Keras Spatial includes data generators and tools designed to simplify the preprocessing of spatial data for deep learning applications.

Keras Spatial provides a data generator that reads samples directly from a raster data source and eliminates the need to create small, individual raster files prior to model execution. The raster data source may be local or remote service. Any necessary reprojections and scaling is handled automatically.
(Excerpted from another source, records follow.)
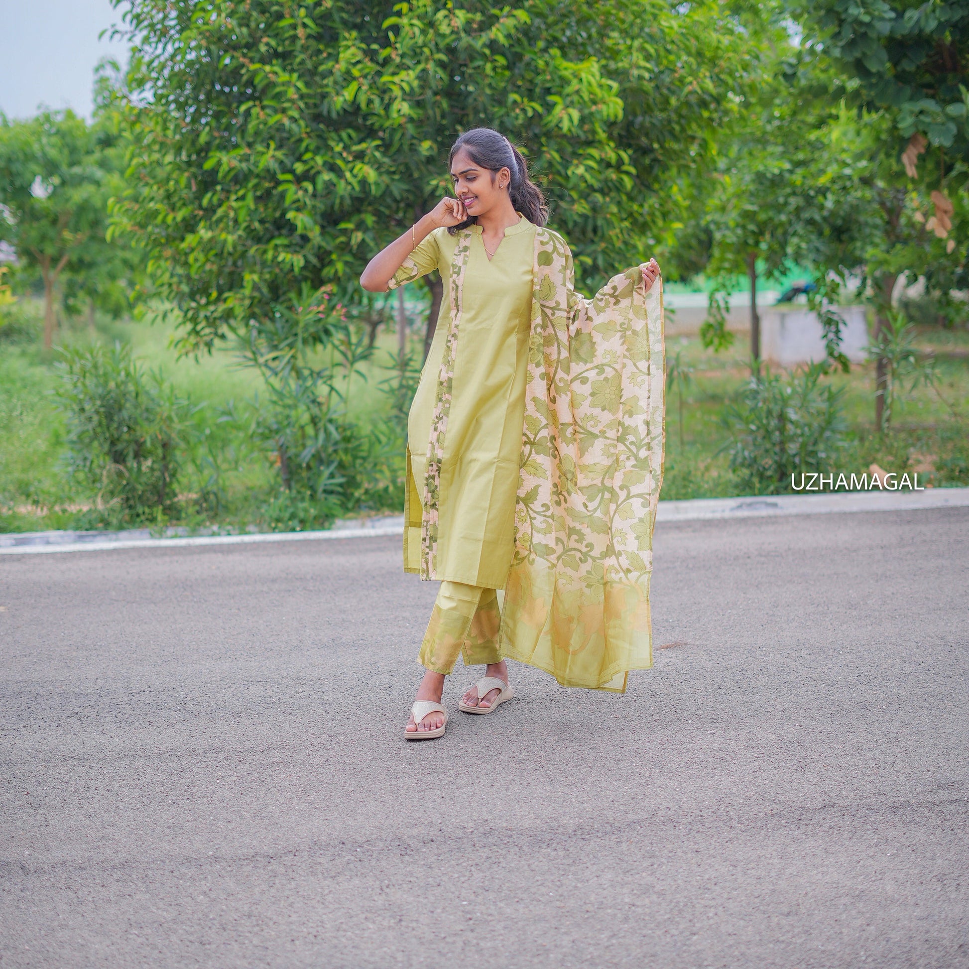 Olive Bloom Kurti Set
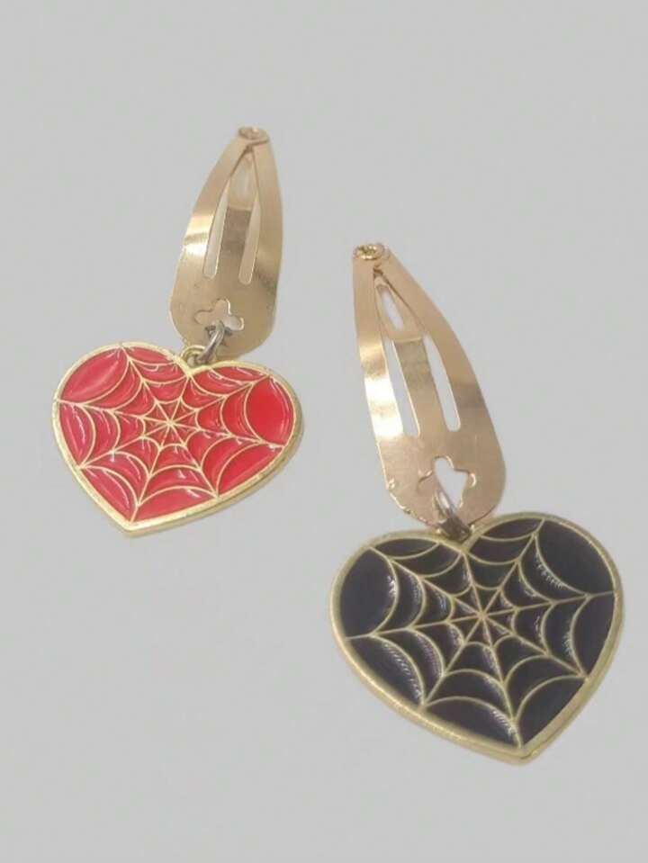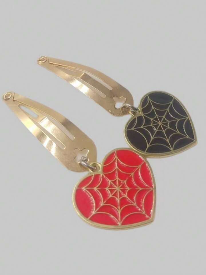 Goth 2pcs Women Spider Web & Heart Decor Hair Clip
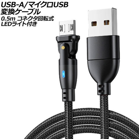 USB-A/マイクロUSB 変換ケーブル ブラック 0.5m コネクタ回転式 オス-オス LEDライト付き AP-UJ1025-BK-50CM

Central to the use of Keras Spatial is a GeoPandas GeoDataFrame which defines a virtual sample set, a list of samples that drives the data generator. The dataframe can also be used to filter samples based on different aspects such as the existance of nodata, handling imbalanced label distributions, and storing sample attributes used in normalization amoung other data augmentation functions.

Features include:

  • Sample extraction from local or remote data sources -- no intermediate files
  • Automatic reprojection and resampling as needed
  • Sample augmentation using user-defined callback system
  • Flexible structure improves organization and data management

Try Keras Spatial is avialble at Binder.

Installation

To install the package from PyPi repository you can execute the following command:

pip install keras-spatial

or directly from GitHub

$ pip install git+https://github.com/ncsa/keras-spatial#egg=keras-spatial --process-dependency-links

Quickstart

  1. Create a SpatialDataGen and set the source raster
  2. Create a geodataframe with 200x200 (in projection units) samples covering the spatial extent of the raster
  3. Create the generator producing arrays with shape [32, 128, 128, 1]
  4. Fit model
from keras_spatial.datagen import SpatialDataGenerator

sdg = SpatialDataGenerator(source='/path/to/file.tif')
geodataframe = sdg.regular_grid(200, 200)
generator = sdg.flow_from_dataframe(geodataframe, 128, 128, batch_size=32)
model(generator, ...)

Usage

Keras Spatial provides a SpatialDataGenerator (SDG) modeled on the Keras ImageDataGenerator. The SDG allows user to work in spatial coorindates rather than pixels and easily integrate data from different coordinates systems. Reprojection and resampling is handled automatically as needed. Because Keras Spatial is based on the rasterio package, raster data source may either local files or remote resources referenced by URL.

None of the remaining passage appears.